• What to do:
Below are some entries. Repeat exactly the lines from the one with "在学院团委书记姜毅及辅导员张" through the one with "Moreover, the optimal", and only those.

• Source material:
++++++++

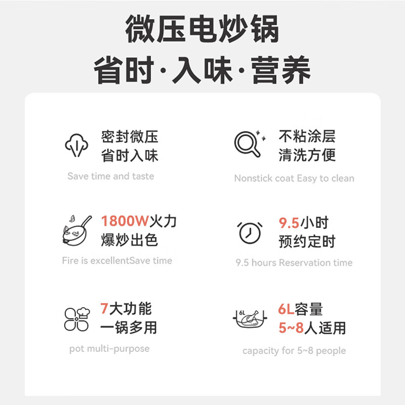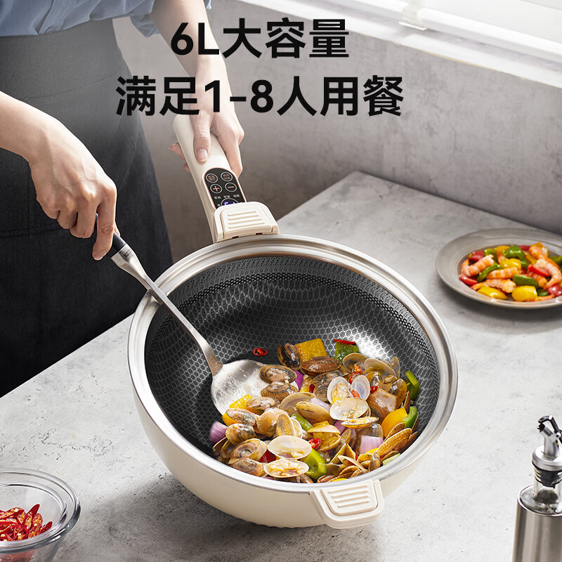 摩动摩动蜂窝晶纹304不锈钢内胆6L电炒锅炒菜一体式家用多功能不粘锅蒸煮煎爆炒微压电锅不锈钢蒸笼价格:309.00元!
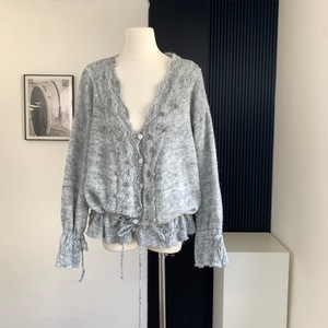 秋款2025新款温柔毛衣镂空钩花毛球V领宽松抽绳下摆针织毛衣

++++++++

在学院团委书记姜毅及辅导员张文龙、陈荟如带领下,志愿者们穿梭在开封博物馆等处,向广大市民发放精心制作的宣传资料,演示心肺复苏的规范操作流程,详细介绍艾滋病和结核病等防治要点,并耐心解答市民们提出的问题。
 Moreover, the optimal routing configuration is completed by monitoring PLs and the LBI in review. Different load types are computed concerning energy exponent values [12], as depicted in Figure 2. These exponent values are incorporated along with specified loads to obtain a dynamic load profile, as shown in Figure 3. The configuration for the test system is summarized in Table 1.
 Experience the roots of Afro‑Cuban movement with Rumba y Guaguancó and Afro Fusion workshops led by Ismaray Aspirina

++++++++

• Task response:
在学院团委书记姜毅及辅导员张文龙、陈荟如带领下,志愿者们穿梭在开封博物馆等处,向广大市民发放精心制作的宣传资料,演示心肺复苏的规范操作流程,详细介绍艾滋病和结核病等防治要点,并耐心解答市民们提出的问题。
 Moreover, the optimal routing configuration is completed by monitoring PLs and the LBI in review. Different load types are computed concerning energy exponent values [12], as depicted in Figure 2. These exponent values are incorporated along with specified loads to obtain a dynamic load profile, as shown in Figure 3. The configuration for the test system is summarized in Table 1.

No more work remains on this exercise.